In, Bhamara Vs State of M.P [9]: a person X was farming on his land, on seeing another person standing near to his place he called the person for some conversation. After a few moments, the conversation turned into arguments and ended up in a fight. On seeing such activity other people came to the place of the incident to stop the fight but subsequently, the offender tried escaping. But the offender was caught by some other person.
The Court found that the conduct of escaping of the offender was relevant subsequent conduct.
In, Nagesha V. State of Bihar[10]it was held by the Court if the first information is given by the accused himself, the fact of his giving information is admissible against him as evidence of his conduct.
Conspiracy:
Conspiracy means few people come together to do an act with common intention. So in the same context, a criminal conspiracy is the act of at least two or more persons to do an act that is not authorized by the law i.e., an illegal act, or to do a legal act by illegal means. Criminal Conspiracy is a kind of partnership in crime, and every member of such partnership must join the partnership by mutual agreement for executing a common plan.
There are two relevant provisions which deal with the criminal conspiracy i.e., Section 120(A) of the Indian Penal Code and Section 10 of the Indian Evidence Act talks about the things said or done by a conspirator.

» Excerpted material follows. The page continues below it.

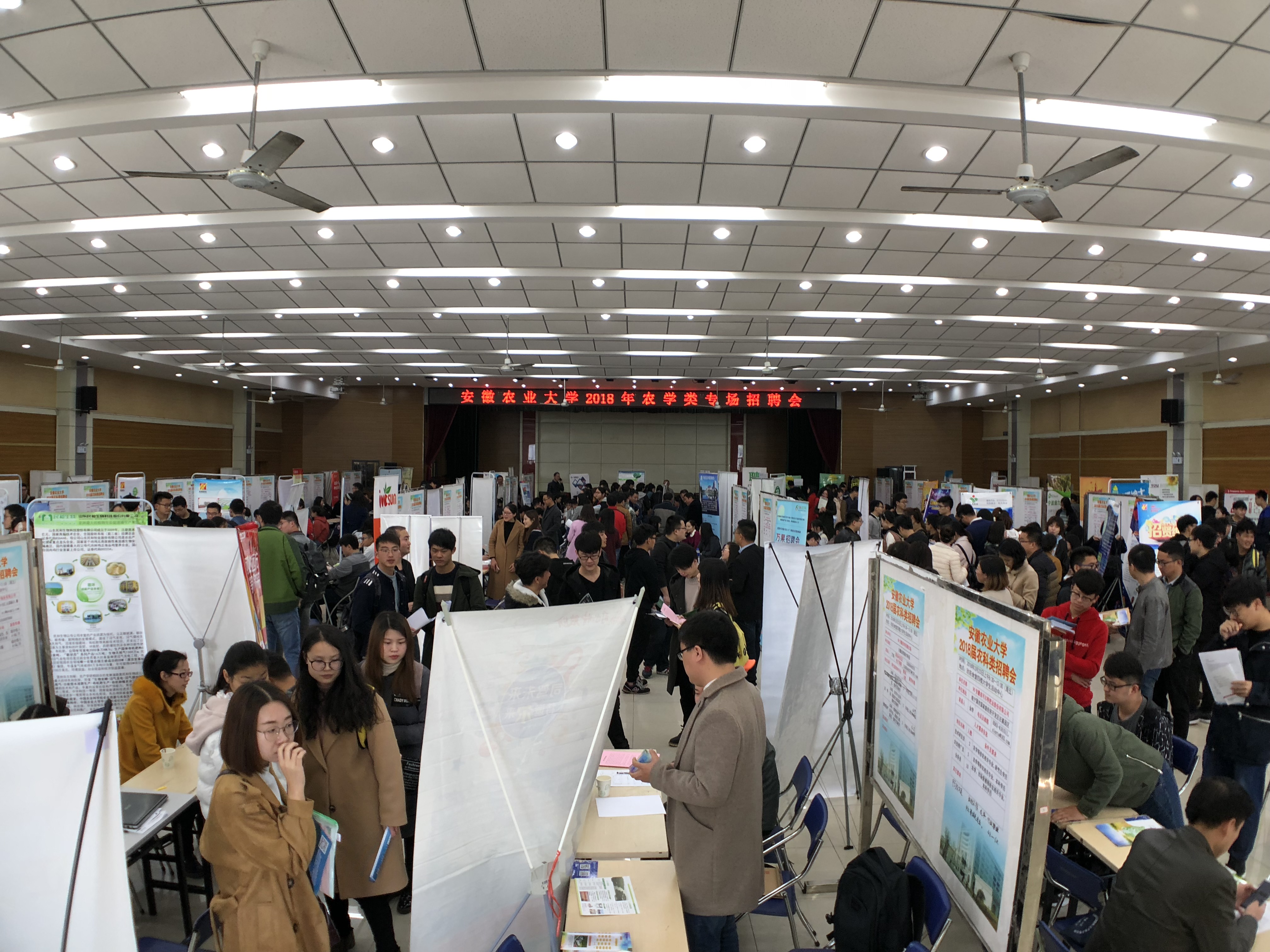 招聘会现场气氛热烈,吸引了包括安徽丰乐农化有限责任公司、安徽省农垦集团有限公司、河北威远生物化工有限公司、安徽江淮园艺种业股份有限公司、安徽久易农业股份有限公司、袁隆平农业高科技股份有限公司等一百多家省内外用人单位,提供了千余个涉农专业岗位。各用人单位通过宣传片、画报、展板等向毕业生介绍了公司的基本情况、招聘条件和发展愿景,并与毕业生做了面对面交流和沟通。

In Subramaniam Swamy v. A Raja[12]the court in its judgments showed that anything doubtful cannot be considered as legal proof and such proofs are insufficient to prove any criminal conspiracy.
Magistrate duty of recording the confession- A Judicial Confession is made to the Magistrate during the judicial proceeding or at the time of court trial. Judicial Confessions are very relevant and are considered as one the most important type of confession as they are directly recorded by the court. Section 164 of CrPC empowers a magistrate to record a confession in his presence and such confession will hold enough evidentiary value that the confessor can be held guilty.
Rajasthan High Court has also held that the confession of an accused must be free, voluntary, and genuine that nothing is left with the prosecution to prove any fact then only the person can be convicted based on confession.
Conclusion:
The Law of Evidence, also known as the rules of evidence, encompasses the rules and legal principles that govern the proof of facts in a legal proceeding. These rules determine what evidence must or must not be considered by the trier of fact in reaching its decision. The trier of fact is a judge in bench trials, or the jury in any cases involving a jury.[1] The law of evidence is also concerned with the quantum (amount), quality, and type of proof needed to prevail in litigation. The rules vary depending upon whether the venue is a criminal court, civil court, or family court, and they vary by jurisdiction.